Common Developer Pitfalls

!

Treating MongoDB like a SQL database and creating heavily normalized document structures β€” this leads to costly N+1 query problems (multiple separate queries instead of one embedded document).

!

Using Redis without TTLs β€” memory fills up indefinitely until the server crashes or starts evicting critical data.

!

Choosing NoSQL because it's 'cool' or 'modern' β€” start with PostgreSQL for most apps. Add NoSQL components when you have a specific need.

!

Not planning for eventual consistency β€” building UI that shows 'Your like was saved!' when the data might not be replicated yet, causing confusing user experiences.

Interview Mastery

SQL: structured schema, strong ACID transactions, powerful JOINs across tables, great for complex relational data. Choose when data is relational, consistency is critical (financial systems), and team needs complex queries. NoSQL: flexible/dynamic schemas, horizontal scaling, optimized for specific access patterns (key lookup, document retrieval, graph traversal).
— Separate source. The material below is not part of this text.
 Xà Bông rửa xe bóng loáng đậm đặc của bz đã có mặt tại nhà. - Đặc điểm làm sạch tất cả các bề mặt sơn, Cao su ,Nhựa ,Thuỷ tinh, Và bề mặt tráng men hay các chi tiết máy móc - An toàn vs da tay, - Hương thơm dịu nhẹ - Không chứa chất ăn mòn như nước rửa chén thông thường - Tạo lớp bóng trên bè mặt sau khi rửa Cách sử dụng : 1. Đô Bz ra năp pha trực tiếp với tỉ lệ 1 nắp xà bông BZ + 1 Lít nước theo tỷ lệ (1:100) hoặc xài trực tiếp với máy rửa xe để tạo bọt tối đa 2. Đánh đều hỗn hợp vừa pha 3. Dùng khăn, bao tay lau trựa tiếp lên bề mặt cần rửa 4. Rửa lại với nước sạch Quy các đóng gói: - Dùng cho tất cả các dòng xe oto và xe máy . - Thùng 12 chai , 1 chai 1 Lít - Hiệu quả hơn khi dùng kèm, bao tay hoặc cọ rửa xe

Choose when schema varies between records (product catalogs), you need massive write throughput (event logging), or the data is naturally document/graph shaped. Most production systems use both β€” PostgreSQL for core data, Redis for caching, MongoDB for flexible content.
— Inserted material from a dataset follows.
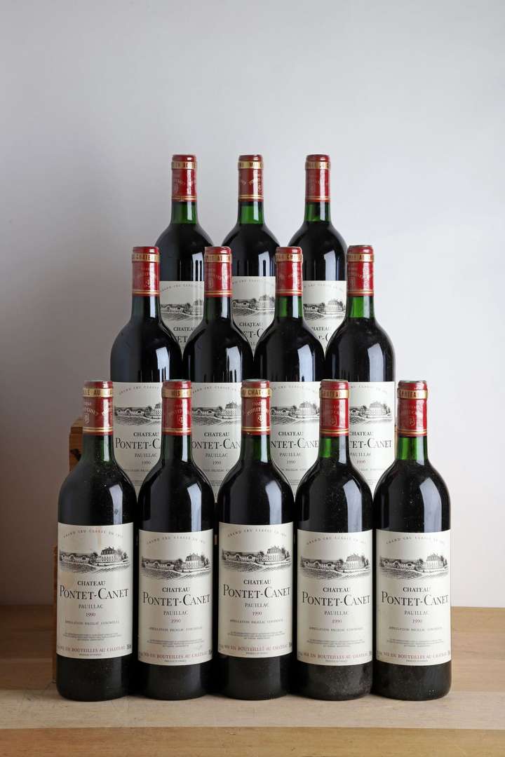 12 B CHÂTEAU PONTET-CANET (Caisse Bois d'origine) (2 e.t.h. et 2 e.l.a.) - 1990 - GCC5 Pauillac

Eventual consistency means that given enough time without new updates, all replicas will converge to the same value β€” but in the short term, different nodes may return different data. It's acceptable when: (1) slightly stale data is okay (social media likes counts, product view counts), (2) read performance is more important than perfect accuracy, (3) the system needs to remain available during network partitions. It's NOT acceptable for financial transactions, inventory management (can't oversell), or any operation where reading stale data causes real harm.
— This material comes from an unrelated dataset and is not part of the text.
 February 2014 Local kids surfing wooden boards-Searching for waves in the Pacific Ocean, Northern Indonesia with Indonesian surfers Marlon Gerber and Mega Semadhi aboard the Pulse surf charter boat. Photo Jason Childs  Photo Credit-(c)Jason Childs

Cache-aside (also called lazy loading) works like this: (1) Application checks the cache first. (2) If found (cache hit), return the cached value. (3) If not found (cache miss), query the database, store the result in cache with a TTL, return the value. Redis is perfect for this because it's sub-millisecond for reads, supports automatic key expiration (TTL), and can store any serialized data. The trade-off: cache misses still hit the database, so the first request for new data is slow. Thundering herd problem: many requests simultaneously missing the same cache key β€” mitigated with cache locking.

Real-World Blueprint

"Discord handles 4 billion messages per day and needed a database that could write and read massive amounts of time-series message data. They migrated from MongoDB (document store) to Cassandra (column-family) and eventually to ScyllaDB β€” because Cassandra's write-optimized LSM tree architecture handles billions of append-heavy writes far better than MongoDB's document model. Their chat history is NoSQL; their user accounts and billing remain in PostgreSQL. The right database for the right job."

Hands-on Lab Exercises

1

Create a MongoDB collection for a product catalog with at least 20 products of varying schemas. Write queries using $match, $group, and $sort in an aggregation pipeline.

2

Implement a Redis cache-aside pattern for a user profile endpoint. Measure response time with and without the cache.

3

Build a real-time leaderboard using Redis sorted sets β€” add scores, retrieve top 10, update scores atomically.

4

Compare the same data stored in MongoDB (document) vs PostgreSQL (relational) β€” perform 3 queries on each and compare the query style and performance.

Real-World Practice Scenarios

Your app stores user sessions. Currently they're in PostgreSQL and the session table has 50M rows, causing slow login queries. How would you migrate to Redis?

A product catalog has items where some are books (author, ISBN, pages), some are electronics (brand, wattage, warranty), some are food (ingredients, calories). Why does this data fit NoSQL better than SQL?

Your social app needs to find 'friends of friends' (2 degrees of separation) for recommendations. Which database type is best suited for this and why?

You're storing IoT sensor data β€” 10,000 devices sending readings every second, 1 year retention, mostly append-only. Which NoSQL database type fits best and why?